The United States owns the vast majority of the Patriot arsenal in NATO — 62 deployable batteries, according to the IISS data — but is fielding some in the Middle East, mainly to protect U.S. bases and interests from Iranian airstrikes, and also in Japan and South Korea in the event of an attack by North Korea or China. The Biden administration is also redirecting orders for Patriot missiles placed by other countries to focus on getting them to Ukraine.
Henry Boyd, an air defense expert at IISS who tracks Patriot systems worldwide, said the Dutch plan to piece one together could be a limited solution for Ukraine, given that the United States “is overstretched” and the Europeans are “basically at minimum levels already.” But he questioned whether Patriot parts coming from different countries — with a range of aging models and software upgrades — could be made to work together.

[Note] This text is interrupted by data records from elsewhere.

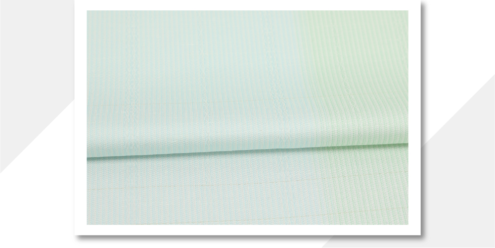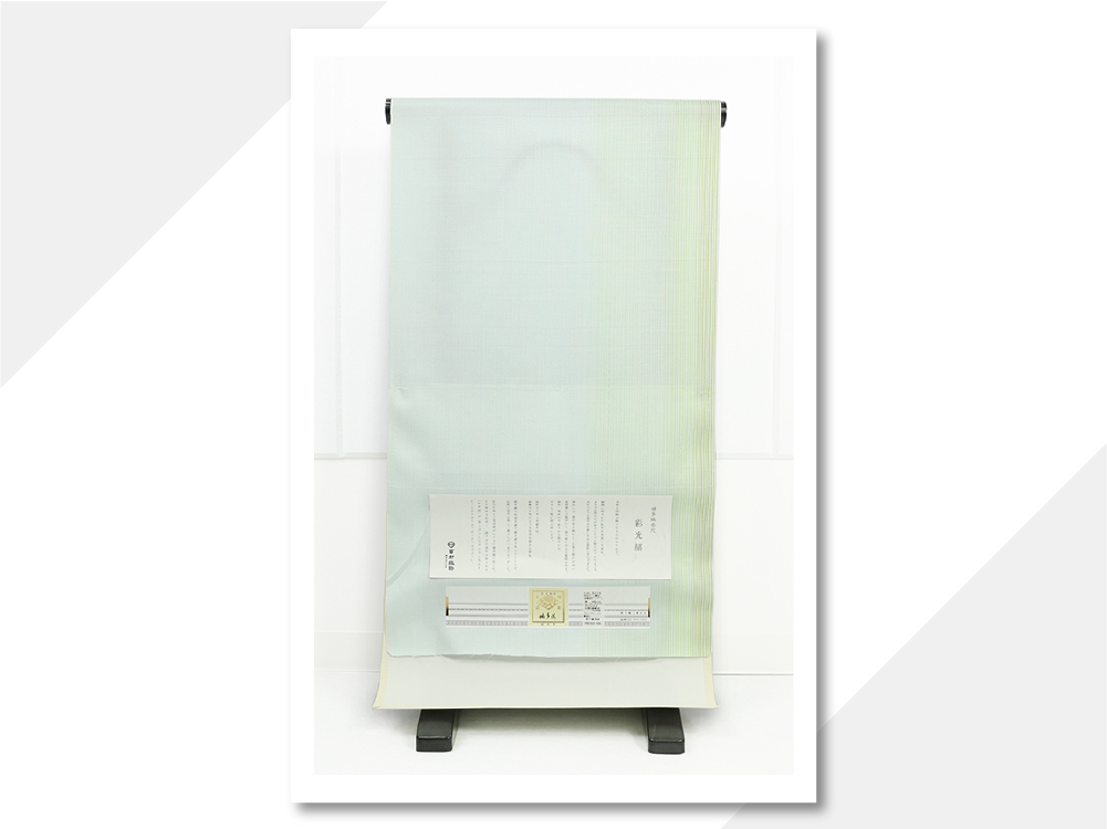 西村織物 正絹 お召し 広幅 献上柄 採光縞 薄緑×水色
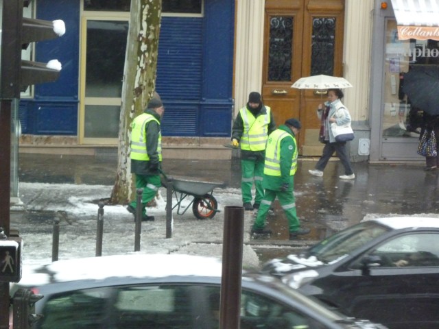 On our most recent visit this past Christmas, we noticed that the men in green were taking on extra duties. Paris does not have the snow removal technology we have in Toronto (un “snowplough”?qu’est-ce que c’est que ça?). So, on an icy day on the boulevard Port Royal, three of them were out there making the sidewalks safe. One had a wheelbarrow full of road salt and the others had little dustpans. They distributed the salt along the boulevard using the dustpans as they went.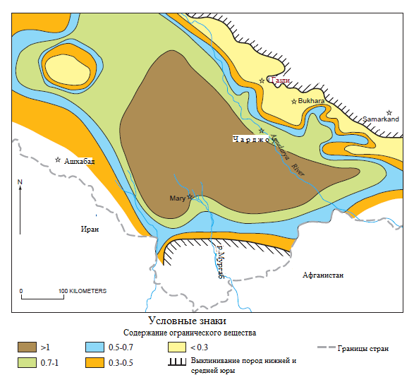Нефтематеринскими породами, поставляющими УВ в карбонатные рифовые коллекторы являются породы нижней-средней юры. Накопление среднего содержания органического углерода в нижний-среднеюрских породах бассейна Аму-Дарьи распределено от центра >1% к периферии бассейна до 0,3% (рис.18).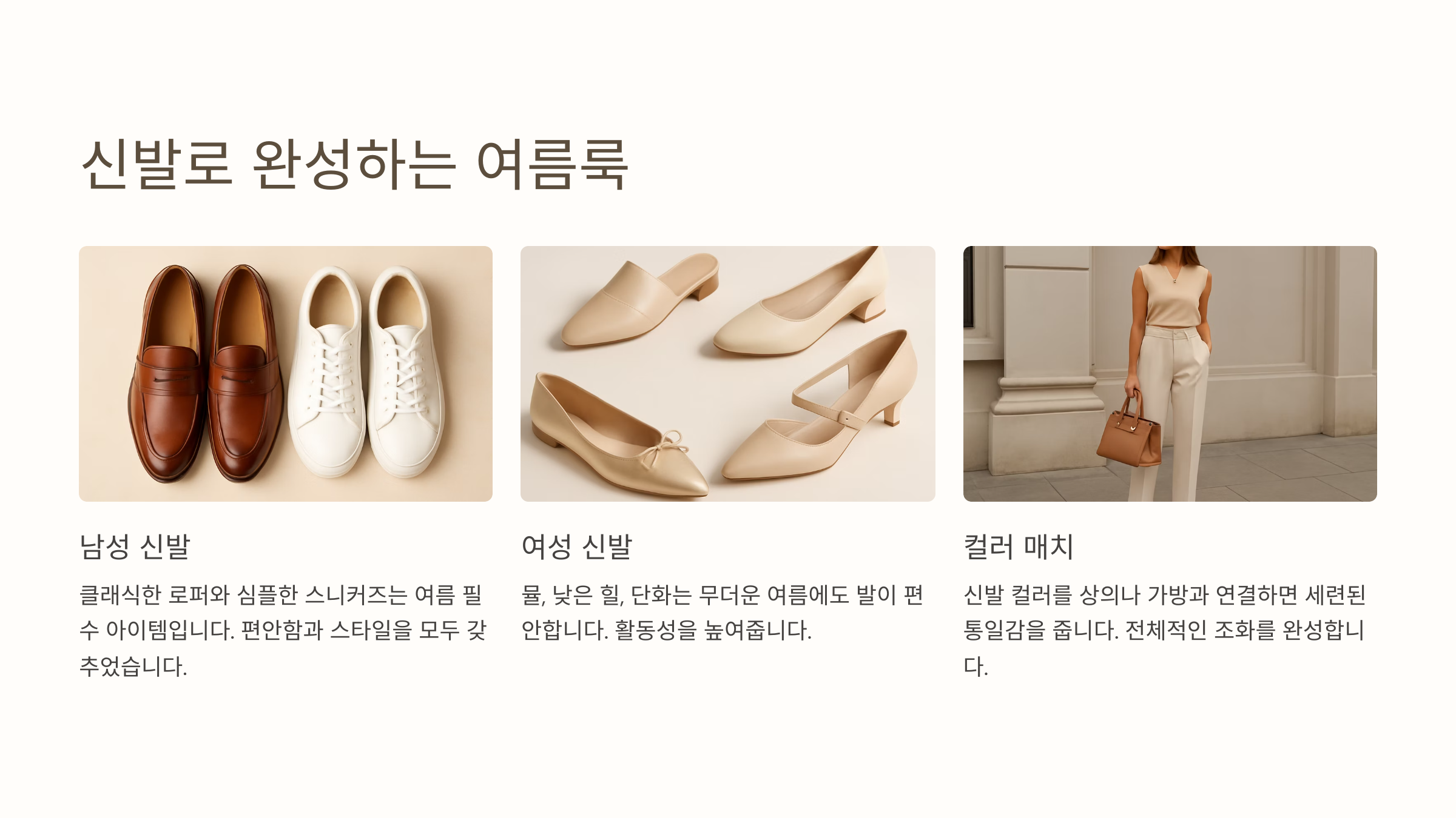 ์ฌ๋ฆ์ฉ ์๋ค์ ์์ ์คํธ๋ฉ์ด ๋ง์ ๋์์ธ๋ณด๋ค ํ๋ ๋ํ ์ผ์ด ์๋ ์ ํ์ด ๋ ๊ณ ๊ธ์ค๋ฝ๊ณ ์คํผ์ค๋ฃฉ์ ์ ํฉํด์. ์คํ์ด ์์ฝ, ๋งคํธํ ์ง๊ฐ, 3~5cm ์ ๋์ ์์ ๊ฐ ์๋ ๊ตฝ์ด ์ฌ๋ฆ ์ถ๊ทผ๋ฃฉ ์์ฑ์ ํต์ฌ์ด๋๋๋ค!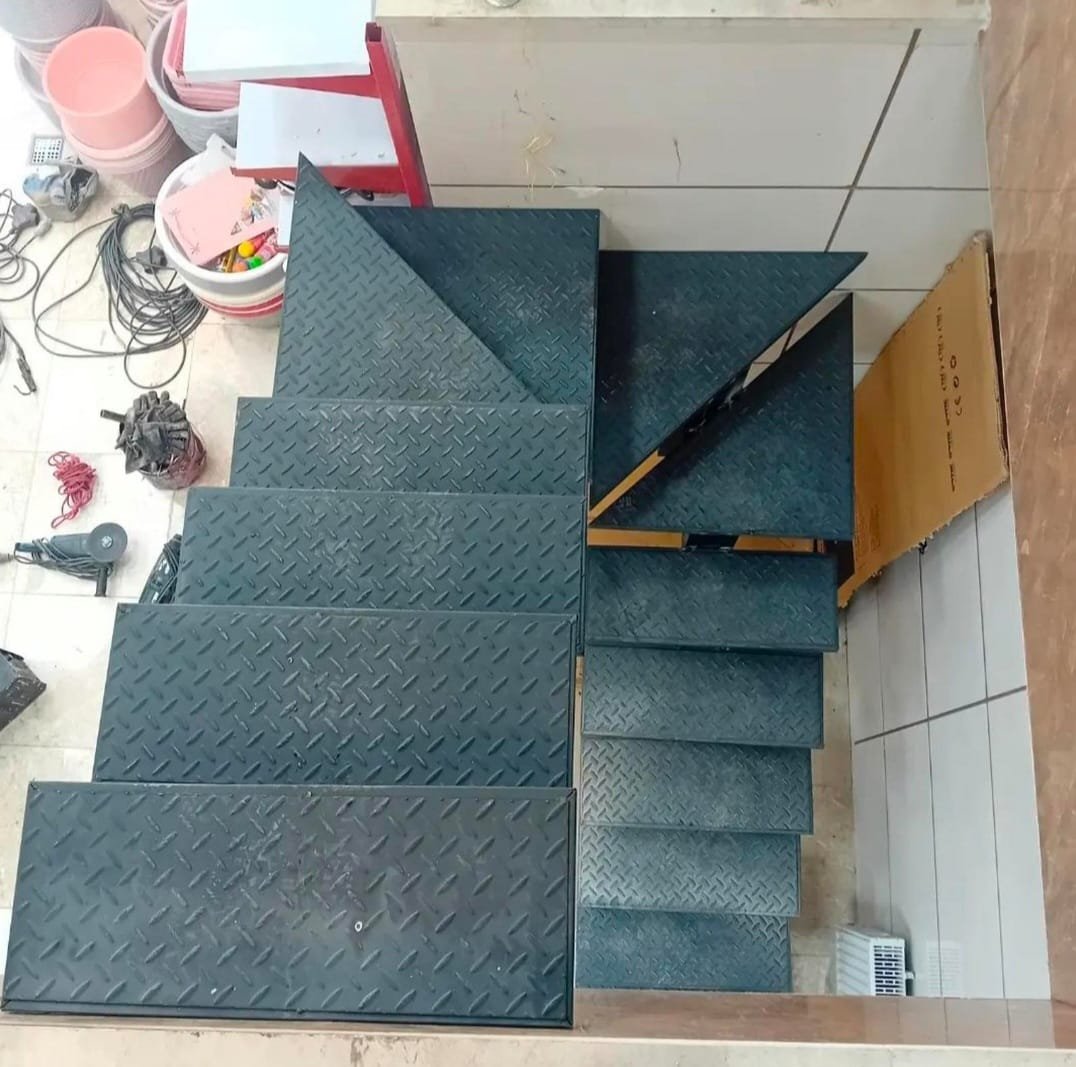 Material Anak Tangga: Plat bordes baja (berpola kotak-kotak atau diamond)

“There’s quite a question mark in terms of interoperability,” Mr. Boyd said. It is also unclear, he said, “whether any significant additional work would be required to achieve this compatibility.”
Ms. Ollongren agreed that some parts sourced from around Europe might not immediately work together. “But we also know we’re able to solve it,” she said, adding that the Netherlands has set up a team of technical experts to go to each donor country and help ensure all of the pieces fit.
She would not say when the assembled Patriot battery might be delivered to Ukraine, and also raised the possibility that it might instead be sent in parts to replace broken pieces of systems that are already there.
“There are different options,” she said. “We have all the puzzle pieces, but we have to see how we want the puzzle to look.”
It can take up to three years to build and deliver a single Patriot system, and officials in the United States and Europe are trying to speed production with joint contracts and new factories for its manufacturer, Raytheon. Until then, officials said, Ukraine may soon need to be satisfied with other kinds of Western air defense systems, even if they are not as precise or powerful as the Patriot.
Ms. Ollongren said the shortage has also stressed countries in Europe that were initially reluctant to give away any more air defenses. But the dire battleground conditions for Ukraine earlier this spring, as ammunition dwindled and an American military aid package stalled for six months, prompted her to call “for more creativity in what we were doing.”
“There are always challenges,” she said. But after proposing the Patriot puzzle, “everybody was really, first of all, aware that we have to do this for Ukraine,” she said, “and also that everybody can do something.”